Our lab develops novel computational methods to study cellular biological systems from a global and data-driven perspective. Our main focus is deciphering the regulation of gene expression, both in terms of the molecular networks that implement regulatory processes as well as the regulatory sequence information encoded in the genome. We work closely with experimental collaborators so that computationally-derived hypotheses can be validated in the lab.
Transcriptional Regulatory Networks
We are interested in learning gene regulatory programs that accurately predict genome-wide differential mRNA expression under different cellular conditions and extracting testable hypotheses about transcriptional regulatory networks. We have developed algorithmic approaches that integrate promoter sequence, mRNA expression data, and ChIP on chip binding data to learn gene regulatory programs and discover transcription factor binding motifs. We have used such an approach, called the MEDUSA algorithm, to model the oxygen and heme regulatory network in yeast, and we discovered novel candidate oxygen regulators that our experimental collaborators were able to biochemically validate.

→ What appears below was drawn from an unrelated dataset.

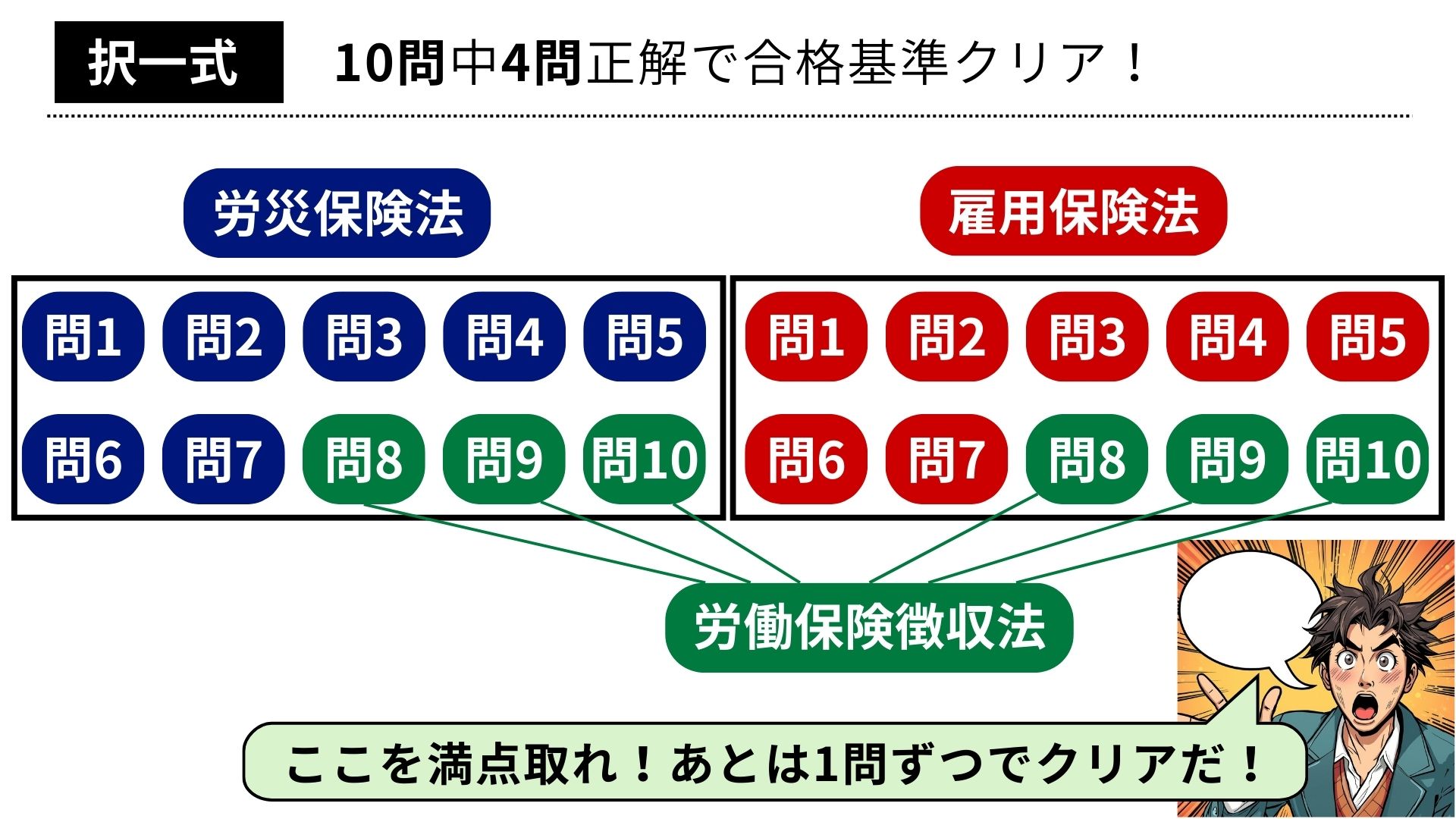 そして、この科目をマスターすることによる最大の利点が、択一において得点が伸び悩むことが多い「労災保険」と「雇用保険」のうち、それぞれ10問中3問がこの「労働保険徴収法」だということです。それは逆に言えば、その3問が確実に得点できたなら、「労災保険」も「雇用保険」も、残り7問中あと1問正解すれば、合格基準点をクリアできるということです。7問中1問で良いんですよ!全部適当でも確率的には1~2問は当たります(笑)

Gene Silencing by microRNAs
Most current computational methods for predicting microRNA targets rely on searching for sites complementary to the "seed" region of the microRNA and filtering results based on cross-species comparisons or other requirements. However, these existing approaches still apparently return large numbers of false positives while failing to achieve reasonable sensitivity; for example, current target prediction programs can only account for a small fraction of genes that are downregulated after microRNA transfection. To improve upon these rule-based approaches, we are developing a supervised learning method to predict microRNA target site efficiency using data from genome-wide expression profiling following microRNA transfection experiments. We are also extending this algorithm to integrate cell-specific endogenous microRNA profiles, in order to perform cell-specific target prediction. Finally, we are beginning to explore models of microRNA that take quantitative account of the concentrations of RISC and other protein machinery in the microRNA pathway, including the possibility of competition of microRNAs for limited protein resources.

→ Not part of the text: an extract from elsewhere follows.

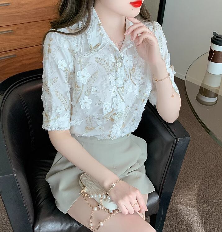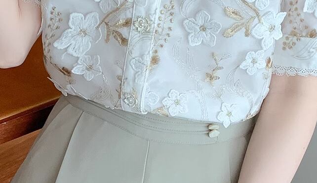 トップス シャツ ミディアム丈 5分袖 袖あり 襟付き 角襟 刺繍 シフォン 前開き ボタン かわいい 大人可愛い きれいめ 上品 おしゃれ レトロ 主役級 存在感 フォーマル 都会的 花柄 フラワー 柄 夏 秋 レディース 女性用 10代 20代 デート お出かけ イベント リゾート 旅行 レストラン 公園 女子会 休日 バカンス ガーデン ショッピング 合コン コンパ カフェ コーデ 普段使い 着回し モテ 清楚 S M L XL 2XL 大きいサイズ オフホワイト 大人カラー 春カラー
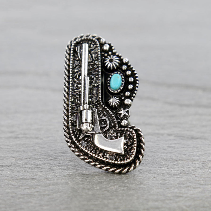 The License To Carry Western Ring is a bold statement piece that embodies rustic charm with a modern edge. Featuring a Turquenite stone set on a silver dura-plated band, this ring captures the spirit of the Wild West while delivering eco-conscious sophistication. Its adjustable cuff-style back ensures a comfortable fit, while the elongated 2.25" length creates a show-stopping silhouette that turns every outfit into a statement look.

Remote Protein Homology Detection
Recognizing a protein's fold from its primary sequence of amino acids is a long-standing problem in computational biology. Traditional approaches use pairwise sequence comparison or protein family models based on multiple sequence alignments to infer structural relationships from sequence similarity. However, these methods may not perform well in the remote homology detection setting, where the protein sequence to be classified is only remotely homologous to known protein families. Our lab introduced the use of biologically- motivated k-mer based "string kernels" for support vector machine (SVM) classification of protein sequences into structural categories, achieving state-of-the-art performance for remote homology detection.